8- my machines work great-I own 2. So why would I be required to buy another study/machine/and bear the expense just to have a readable card to prosecute myself??
9- trucks today have the computers readable-and are read in accident cases so why the need to track me??
10- let's be honest. This program is backed by lobbyist and people with direct financial gains to be made. I'm all for safety but mothers against tired truckers should go home and keep they're kids from becoming juvenile offenders and druggies instead of sticking they're noses in a buisness most know nothing about. I offer my truck and a 30-60 day tide to anyone that's willing to really study the buisness. 1-2 days even a week don't come close to realizing what a real trucker experiences each day. My offer stands.

Once again I've read an artical that finds all the answers but has not asked the questions that really cause the problems.Sure being overweight may cause sleepieness but having to do more jobs than the driver is supposed to do is the real culpret. Look to the regulations that you have already put into place to find the biggest sleep problems. Make companys dispatching imposable runs because poor planing on the part of the costomer has created an emergency on the shipping route so to keep the business and be heros they call on the trucker to accomlish the imposible. Let the trucker refuse he is punished by the company with poor paying loads until he changes his atitude. Or the warehouse that requires the trucker to unload his own truck and change the pallet size to meet their needs. Truckers are not warehouse men but in a lot of cases its how they are treated. If the paper work says shipper loads receiver unloads that is how it should be.But it isn't. Go under cover and find this out for yourself. Then you'll know why drivers have sleeping problems. I could go on all day about the rules, how about instead of people that sit in offices making the rules you go to the drivers to find out what rules will work or won't work. The driving comunity is not represented by drivers, its represented by people that usally have 9 to 5 jobs. That is not the world of the trucker. Eating and sleeping, disorders are not chased away by more rules that make there jobs harder its accomplished by going to the sorce to find the cure. I've been driving for 40 years in that time no one that makes the rules ever asked me what would help to solve the sleepie driver problem but then I don't sit in an office making rules for other people to follow without experianceing the job in the real world.Wear our shoes then make the our rules.

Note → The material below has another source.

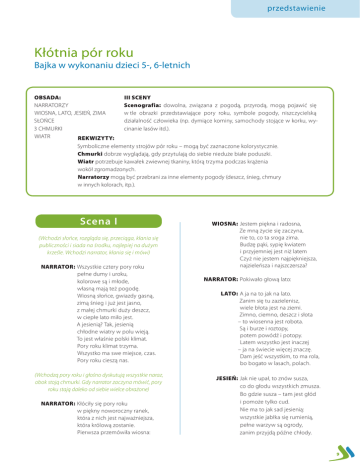 przedstawienie Kłótnia pór roku Bajka w wykonaniu dzieci 5-, 6-letnich OBSADA: NARRATORZY WIOSNA, LATO, JESIEŃ, ZIMA SŁOŃCE 3 CHMURKI WIATR REKWIZYTY: III SCENY Scenografia: dowolna, związana z pogodą, przyrodą, mogą pojawić się w tle obrazki przedstawiające pory roku, symbole pogody, niszczycielską działalność człowieka (np. dymiące kominy, samochody stojące w korku, wycinanie lasów itd.). Symboliczne elementy strojów pór roku – mogą być zaznaczone kolorystycznie. Chmurki dobrze wyglądają, gdy przytulają do siebie nieduże białe poduszki. Wiatr potrzebuje kawałek zwiewnej tkaniny, którą trzyma podczas krążenia wokół zgromadzonych. Narratorzy mogą być przebrani za inne elementy pogody (deszcz, śnieg, chmury w innych kolorach, itp.). Scena I (Wchodzi słońce, rozgląda się, przeciąga, kłania się publiczności i siada na środku, najlepiej na dużym krześle. Wchodzi narrator, kłania się i mówi) NARRATOR:Wszystkie cztery pory roku pełne dumy i uroku, kolorowe są i młode, własną mają też pogodę. Wiosną słońce, gwiazdy gasną, zimą śnieg i już jest jasno, z małej chmurki duży deszcz, w ciepłe lato miło jest. A jesienią? Tak, jesienią chłodne wiatry w polu wieją. To jest właśnie polski klimat. Pory roku klimat trzyma. Wszystko ma swe miejsce, czas. Pory roku cieszą nas. (Wchodzą pory roku i głośno dyskutują wszystkie naraz, obok stoją chmurki. Gdy narrator zaczyna mówić, pory roku stają daleko od siebie wielce obrażone) NARRATOR: K łóciły się pory roku w piękny noworoczny ranek, która z nich jest najważniejsza, która królową zostanie. Pierwsza przemówiła wiosna: WIOSNA:Jestem piękna i radosna, Ze mną życie się zaczyna, nie to, co ta sroga zima. Budzę pąki, sypię kwiatem i przyjemniej jest niż latem Czyż nie jestem najpiękniejsza, najzieleńsza i najszczersza? NARRATOR:Pokiwało głową lato: LATO:A ja na to jak na lato. Zanim się tu zazielenisz, wiele błota jest na ziemi. Zimno, ciemno, deszcz i słota – to wiosenna jest robota. Są i burze i roztopy, potem powódź i potopy. Latem wszystko jest inaczej – ja na świecie więcej znaczę. Dam jeść wszystkim, to ma rola, bo bogato w lasach, polach. JESIEŃ:Jak nie upał, to znów susza, co do głodu wszystkich zmusza. Bo gdzie susza – tam jest głód i pomoże tylko cud. Nie ma to jak sad jesienią: wszystkie jabłka się rumienią, pełne warzyw są ogrody, zanim przyjdą późne chłody. przedstawienie ZIMA:Jakie to są twoje chłody – dużo błota, dużo wody. Brudno robi się, ponuro – brzydkie niebo z ciemną chmurą. No a zimą czysto, jasno, ziemia ma kołderkę własną. Śpią roślinki i zwierzęta, jest wesoło, idą święta. WIOSNA:Zima – pora doskonała? Lodem skuta ziemia cała. Twardo, zimno, zawierucha, nie wychodzić bez kożucha. Wiosną można zdjąć czapeczkę i zamienić na chusteczkę. 3 CHMURKA:A co człowiek ma do tego, że w pogodzie dużo złego? Jak człowiek postąpić może, żeby już nie było gorzej? NARRATOR:I tak długo kłótnia trwała. Każda pora rację miała. WIATR:Szszszszszsz! Co za czasy, wycinają ludzie lasy! Gdzie ja teraz się podzieję? Nie powieję – oszaleję. I w tornado się zawinę i popsuję coś lub zginę. (Słońce łapie wiatr za ramię) (Pory roku siadają tyłem do siebie) SŁOŃCE:Cicho, wietrze! Plany snuję, kto dziś ciebie potrzebuje?... Błyskawiczny pomysł taki: tam na polu są wiatraki, zatańcz z nimi, niech się kręcą, dużo prądu zaoszczędzą. WIATR:Lecę, pędzę tam na pole, zamiast jęczeć, pomóc wolę! Scena II NARRATOR:Tej kłótni się przyglądały dwie malutkie chmurki białe. Na niebie się zatrzymały, z kłótni nic nie zrozumiały. SŁOŃCE:Wszystkim ludziom dobrze znany straszny efekt cieplarniany. No a to się wzięło stąd, że nieoszczędzany prąd. Ludzie mogą porom pomóc, a nie prąd marnować w domu. (Chmurki mogą stać z boku, blisko przodu sceny) 1 CHMURKA:Taki dzisiaj piękny dzionek. O co kłócą się, szalone? Każda pora jest wspaniała, czemu nie chcą wspólnie działać? 2 CHMURKA:Każda pora roku płynie i ze swych zwiastunów słynie: wiosna ze snu ziemię budzi, lato w mig opala ludzi, a jesień liście maluje, zima śnieżką w nas celuje. (Słońce wstaje z krzesła) 10 SŁOŃCE:Macie rację, moje panie. Lepiej niech już tak zostanie. Choć bywają zagadkowe złe warunki pogodowe, to najbardziej ja się wściekam na działalność złą człowieka. (Odlatuje robiąc okrążenie wokół zgromadzonych) 1 CHMURKA:Takich ludzi nam potrzeba, bo na ziemi działać trzeba: uspokoić roku pory i złagodzić wszystkie spory. 2 CHMURKA:Żeby ludzie na rowerze, albo pieszo, mówiąc szczerze, mogą dla zdrowia żaglówką, a nie wciąż tylko taksówką. 3 CHMURKA:Błyskawicznie działać trzeba, by nie było dymu z nieba, a deszcze czyste padały, zdrową wodę dostarczały. (Wszyscy wzajemnie podają sobie ręce – jak do powitania. Potem siadają w jednym kole, razem z nimi pory roku) przedstawienie Scena III (epilog) (Jak poprzednio. Wchodzi narrator) NARRATOR:Wiecie, co się stało dalej? Wszyscy ciężko pracowali i uczyli ludzi co dzień, by z klimatem żyli w zgodzie. Piosenka „Słoneczko, uśmiechnij się” muz. K. Gaertner, sł. A. Bernat (W tym momencie aktorzy mogą widzom rozdawać obrazki, np. kolorowanki ekologiczne. Mogą też z tym zaczekać do końca inscenizacji, żeby nie odwrócić obrazkami uwagi dzieci od tego, co przedstawiają) NARRATOR:Wszystko do normy wróciło. I dobrze się zakończyło. Na jakiś czas, daję słowo, każda pora jest królową. SŁOŃCE:Ziemia naszym domem jest czy w pogodę, czy też w deszcz. Bądź dziś królem – dbaj o klimat. Klimat nas przy życiu trzyma. Pomagajmy póki czas, by był zdrowy każdy z nas. Słoneczko śpiewa na cały głos, Choćbyś miał bracie kłopotów sto, Słoneczko z góry uśmiecha się, Słoneczko woła przez cały dzień. Refren: Uś

The safer this industry gets the more reg's that want to impose on it! Look at the crash states in the last 5 years!! If they REALLY want to do something about all of this start looking at shippers and receiver's that keep trucks for hours.. And there is no way you can charge detention over and over to them.
Also if you want A safer road system.. Start making EVERY driver that holds ANY kind of license take A drug test!! If you want safer drivers.. Make the ALL safer!! Our commercial drivers have stepped up to the plate and have gotten much better in the last few years. So instead of punishing them for getting better.. Start looking into WHY some of these accident's really happen. Women putting make up on.... Men on laptops... Cell phones.. Navigation in cars and trucks..

Here we go again - Nanny state never stops.

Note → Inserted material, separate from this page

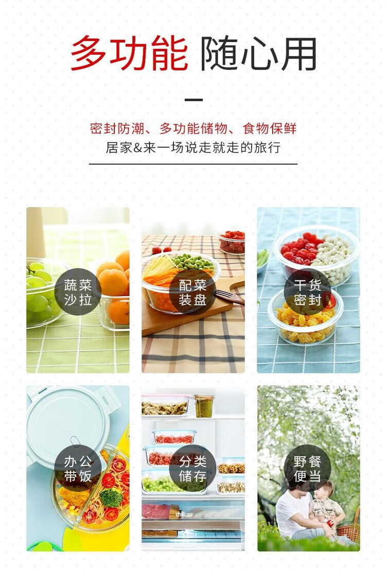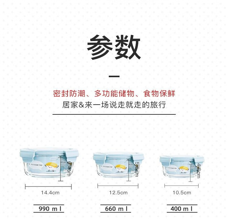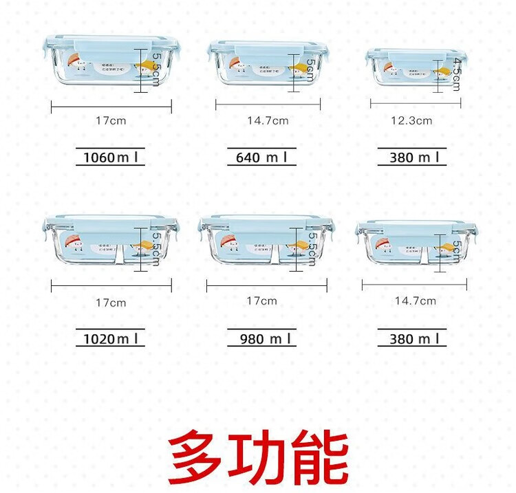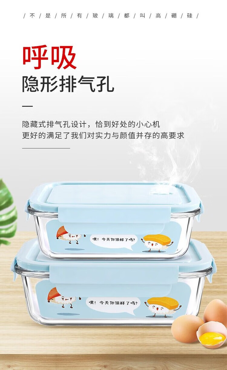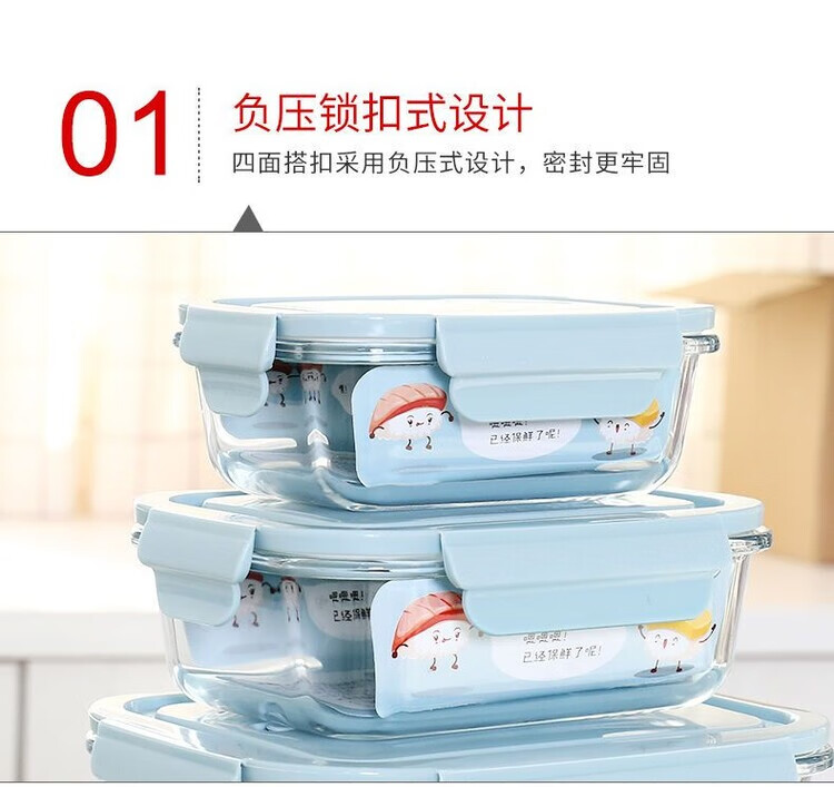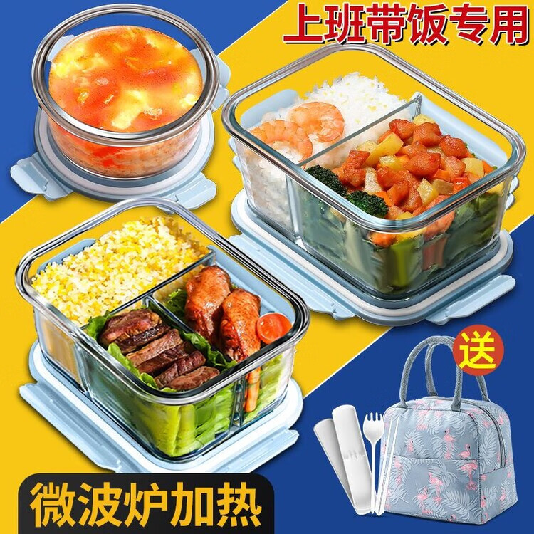 DEATKN上班族可微波炉加热专用碗耐高温分隔保温玻璃饭盒水果便当盒餐盒 岩蓝. 无隔400毫升

I would suspect that most indiviudals creating these guidlines wouldn't pass BMI standard themselves (get them off the road).

Its just one more increase in cost of doing business for little benefit. Cost to company (loss of drivers, re-training new drivers, recuitment costs, medical costs) - Cost to the driver - lack of wages sine he cant drive, costs for med supplies, screening, cost to the tax payer since we of couse will need to pay higher insurance rates since this will undoubtably have to be covered under our insuracne costs.

When does it ever end. You can't legislate away all risk - anyone who drives is at risk simply by the act of driving. This is just one more example of over regulation that shuld not be tolerated!!!